Why is division by cero treated diferent on Doubles and Ints?

I was making some test using the scala REPL and I found the following interesting result.

scala> 0/0
java.lang.ArithmeticException: / by zero
  ... 28 elided

scala> 0.0/0.0
res9: Double = NaN

Why does dividing by zero cause an exception on integers but a NaN on doubles? I have supposed that it is because of the floating-point standard but I can’t find an answer about it.

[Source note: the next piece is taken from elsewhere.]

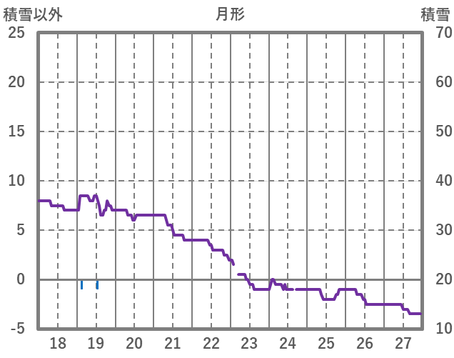 | 日 | 時 | 気温 | 降水 | 風向/風速 | 日照 | 積雪 | 降雪 |
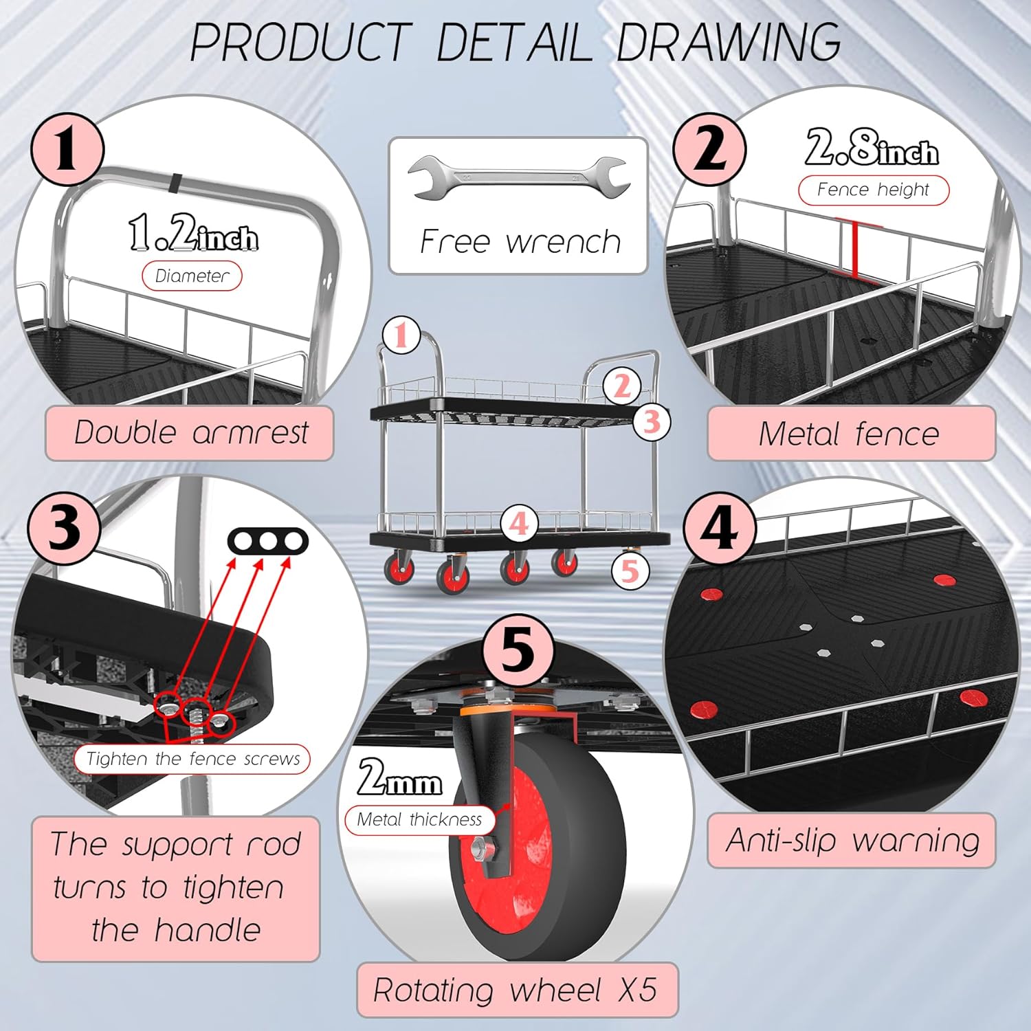 • 【Wider Platform】 Size: 43.3" x 25.5" , gross weight: 58lbs. Heavy-duty utility cart's large platform to load more goods. If you find missing accessories after receiving the goods, please contact us in time, our customer service team will provide you with satisfactory service. Accessories: 5*wheels, 1*small wrench, matching screws

https://en.wikipedia.org/wiki/IEEE_754

IEEE 754 standard defines the floating point behavior that the JVM’s standard libs (which undergird Scala’s standard libs) try to follow.

Brian Maso

1 Like

You get same behaviour in C/ C++: https://www.ideone.com/Zv7CcA i.e. in C division by floating point zero results in NaN, but division by fixed point zero results in fault. Note that in C you need to make zeros dynamic (e.g. by reading them from standard input), not constants, because otherwise compiler will do the division in compile time.

Scala does what Java does, most probably because it doesn’t want to add overhead. In turn, Java does what C/ C++ does probably to avoid surprises for C/ C++ developers coming to Java. Remember that in the beginning C/ C++ developers were main marketing target for Java.

The different treatment of floating points and integers goes down all the way to hardware support.

The deeper reason is that floating points are already complex and expensive data types mostly used to crunch applied math, science and engineering data, so the cost of adding special values and extra checks is easy to justify.

Integers, on the other hand, are inherently simple and easy to compute data types, and they are used everywhere down to basic system tasks, so you want them as efficient as possible, including no special values. For example, by default, there are no checks for overflow, either.